__YOUR TASK__: Please keep to the lines below from the one with "Стол письменный на" through the one with "8.水冷及風(fēng)冷式", and restate them word for word, ends included.

__DATA LISTING__:
"""

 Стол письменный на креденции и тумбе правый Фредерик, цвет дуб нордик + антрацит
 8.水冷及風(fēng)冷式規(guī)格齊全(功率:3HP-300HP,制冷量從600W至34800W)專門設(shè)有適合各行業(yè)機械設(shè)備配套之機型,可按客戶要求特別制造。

"""
"""

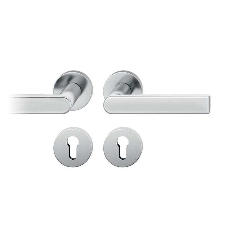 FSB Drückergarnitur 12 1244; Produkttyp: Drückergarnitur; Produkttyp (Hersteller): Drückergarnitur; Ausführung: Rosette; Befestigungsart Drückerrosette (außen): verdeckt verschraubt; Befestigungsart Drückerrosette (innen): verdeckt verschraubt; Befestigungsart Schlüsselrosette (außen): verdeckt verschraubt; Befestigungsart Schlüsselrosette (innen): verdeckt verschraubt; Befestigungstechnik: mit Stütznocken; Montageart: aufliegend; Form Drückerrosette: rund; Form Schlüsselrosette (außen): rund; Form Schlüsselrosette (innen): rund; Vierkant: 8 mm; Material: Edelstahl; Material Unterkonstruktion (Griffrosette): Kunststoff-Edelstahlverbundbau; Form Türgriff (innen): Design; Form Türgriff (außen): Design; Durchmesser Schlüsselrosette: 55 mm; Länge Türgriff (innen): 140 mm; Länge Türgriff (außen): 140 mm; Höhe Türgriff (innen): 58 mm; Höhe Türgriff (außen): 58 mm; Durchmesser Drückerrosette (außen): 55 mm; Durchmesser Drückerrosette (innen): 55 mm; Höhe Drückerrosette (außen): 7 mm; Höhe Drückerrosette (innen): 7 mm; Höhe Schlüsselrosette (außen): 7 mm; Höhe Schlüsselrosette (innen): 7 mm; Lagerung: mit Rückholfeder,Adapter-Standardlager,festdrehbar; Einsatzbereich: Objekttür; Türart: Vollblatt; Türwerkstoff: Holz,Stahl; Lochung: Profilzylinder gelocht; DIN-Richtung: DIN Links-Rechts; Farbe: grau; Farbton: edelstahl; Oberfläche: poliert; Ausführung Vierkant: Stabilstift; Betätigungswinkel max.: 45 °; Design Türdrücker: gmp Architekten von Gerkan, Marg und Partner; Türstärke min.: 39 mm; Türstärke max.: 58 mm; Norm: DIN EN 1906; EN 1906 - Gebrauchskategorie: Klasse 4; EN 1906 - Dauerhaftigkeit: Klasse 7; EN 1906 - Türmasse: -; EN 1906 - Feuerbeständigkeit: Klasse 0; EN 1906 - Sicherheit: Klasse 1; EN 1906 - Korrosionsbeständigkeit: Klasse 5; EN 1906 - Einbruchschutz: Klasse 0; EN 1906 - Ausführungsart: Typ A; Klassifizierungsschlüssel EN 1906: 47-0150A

"""

__ANSWER AREA__:
 Стол письменный на креденции и тумбе правый Фредерик, цвет дуб нордик + антрацит
 8.水冷及風(fēng)冷式規(guī)格齊全(功率:3HP-300HP,制冷量從600W至34800W)專門設(shè)有適合各行業(yè)機械設(shè)備配套之機型,可按客戶要求特別制造。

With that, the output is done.